パーソナリティの高橋源一郎によるとかなり有名な人のようであるし、この本のあとがきにもアメリカでは大変有名な人だと書いてあったが、僕は知らなかった。
もしかしたら誰かに聞いて知っていたかもしれないが、まったく記憶になかった。

エリック・ホッファーは5歳のときに母親が彼を抱いたまま階段から落ち、7歳のときに母親が亡くなってその年に彼は視力を失ったそうだ。
そして、なぜか15歳の時視力が回復する。
1920年、18歳のときに父親が亡くなり彼は天涯孤独となり、放浪を始める。

いろいろな職を転々とし、季節労働者として働き、最後には港湾労働者としてサンフランシスコに住み着く。
この無頼と言うか、成り行き任せと言うか、そんな生活にも不安はまったくなかったと彼は言う。

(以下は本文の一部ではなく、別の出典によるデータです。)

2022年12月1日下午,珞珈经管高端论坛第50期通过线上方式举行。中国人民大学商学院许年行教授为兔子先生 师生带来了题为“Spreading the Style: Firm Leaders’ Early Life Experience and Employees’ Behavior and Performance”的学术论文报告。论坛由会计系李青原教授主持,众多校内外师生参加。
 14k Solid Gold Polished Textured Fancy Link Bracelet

それは、自分の世話をしてくれたマーサと言う女性が「あなたは、40歳までしか生きられない」と言った事が心に刻み込まれていたからだと彼は言う。
そして、その放浪の間中、彼は本を読み思索に耽っていたようだ。その積み重ねが晩年の著作に集約されたのだろう。

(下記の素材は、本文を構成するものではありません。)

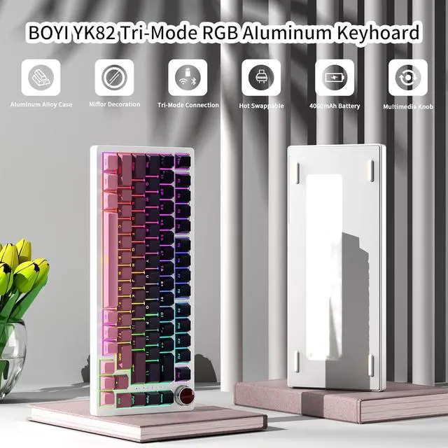 Mode-Switching&Enhanced Control KnobQuickly Adjust Volume/lighting. The BOYI YK82 Aluminum keyboard With Multi-function knob allows for smooth transitions between work and gaming modes. Offering a constant RGB glow for a focused work environment and dynamic RGB flashing for an immersive gaming experience. It also provides refined control over volume and lighting, makes the keyboard more diverse, colourful and beautiful!

僕は、本は少しは読んだかもしれないが思索に耽る事もなく、考える事と言えば、ごく身近な雑事や個人的な事を思い悩むくらいの凡人だが、自営業として30年程日本と言う社会で根無し草のような不安定な生活を送ってきたからだと思うが、彼が放浪とも言える人生に不安はまったくなかったと言う事が、共感と言うか納得できた。

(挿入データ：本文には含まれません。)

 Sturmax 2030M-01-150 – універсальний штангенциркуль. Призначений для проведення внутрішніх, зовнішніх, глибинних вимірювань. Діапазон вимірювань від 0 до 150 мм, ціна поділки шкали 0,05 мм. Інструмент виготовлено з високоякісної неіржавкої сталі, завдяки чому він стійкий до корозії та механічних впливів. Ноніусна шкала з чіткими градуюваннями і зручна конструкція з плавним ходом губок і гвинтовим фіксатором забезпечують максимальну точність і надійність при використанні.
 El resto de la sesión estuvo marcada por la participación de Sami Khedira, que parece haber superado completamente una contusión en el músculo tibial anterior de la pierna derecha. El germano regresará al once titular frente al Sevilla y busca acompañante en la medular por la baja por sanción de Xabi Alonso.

なんと言うか、他人から見れば不安定な事も継続していると自分では安定して感じるというか。例えば、株式チャートの一週間分は不安定に見えるけれど、その一週間分を一年分並べてみると安定して見えるような感じじゃないかと思う。
他人から見れば不安定なようでも、そこが自分の居場所と思えば安心する。
そんな感じだろうか。

マーサから言われた、「あなたは、40歳までしか生きられない」と言う言葉が心に刻み込まれたと言う事も、僕自身幼い頃に母親に言われた事や渋谷の街頭で占い師に言われた言葉が脳裏に焼き付いていて、例えば、血液型の性格判断のようになんの科学的根拠もないのに、普段は心の奥底に潜んでいてある時ひょっこり現れて自分はこうなんだと思ってしまう。

そんなこんなで、この本を読みながら僕自身の人生を振り返ってみたり、ホッファーの人生の時々の心模様を想像してみたりしながら、この本を読んでみた。
そして、エリック・ホッファーと言う人について、むくむくと興味が湧いてきた。こんな哲学者とか思想家とか言われる人の著作を自伝から入ると言うのも珍しいと思うが、ぜひ彼の著作をまた読んでみようと思う。